── DATASET EXTRACT ──

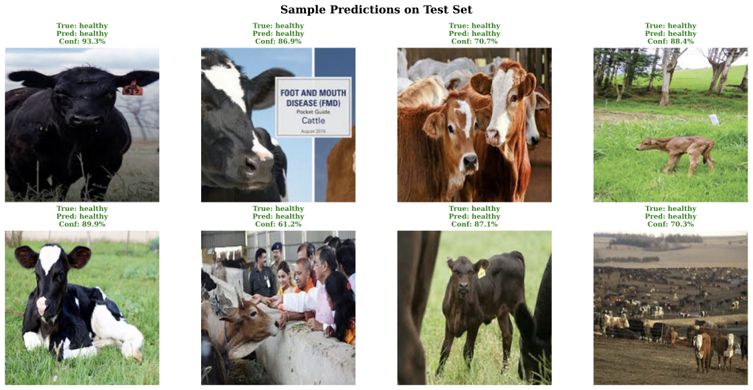 While the recall for healthy cattle is 1.0, indicating the modelās ability to catch all non-inflamed instances without any false negatives, the recall for inflamed livestock is 0.98, indicating that the model successfully recognizes 0.98% of inflamed cases, but it misses some. The modelās overall best performance is highlighted by the F1 score, which strikes a compromise between precision and recall, being 1.0 for healthy cattle and 0.99 for inflamed farm animals.
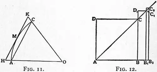 equal to 𝑟, he produced it only so far that, when the extremity D′ was joined with C, the part D′F outside the circle was equal to 𝑟; in other words, by a non-Euclidean construction he trisected the angle AOC, for it is readily seen that, since FD′ = FO = OC, the angle FOB = 1/3AOC.[14] This couplet of constructions is as important from the calculator’s point of view as it is interesting geometrically. To compare it on this score with the fundamental proposition of Archimedes, the latter must be put into a form similar to Snell’s. AMC being an arc of a circle (see fig. 11) whose centre is O, AC its chord, and HK the tangent drawn at the middle point of the arc and bounded by OA, OC produced, then, according to Archimedes, AMC < HK, but > AC. In modern trigonometrical notation the propositions to be compared stand as follows:—
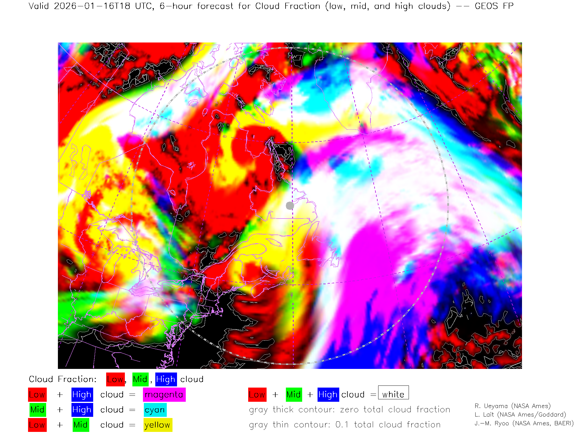 GEOS Forecast Low-, Mid- and High-level Cloud Fraction
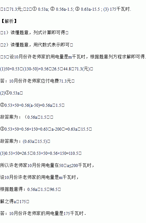 (1)若许老师家10月份的用电量为130千瓦时,则10月份许老师家应付电费多少元?

───

**EXERCISE DETAILS**
The lines to be extracted begin at the line containing "GEOS Forecast Low-, Mid- and" and continue through the final line of the material above, both ends included. Reproduce them exactly, without the pictures.

**EXERCISE SOLUTION**
 GEOS Forecast Low-, Mid- and High-level Cloud Fraction
 (1)若许老师家10月份的用电量为130千瓦时,则10月份许老师家应付电费多少元?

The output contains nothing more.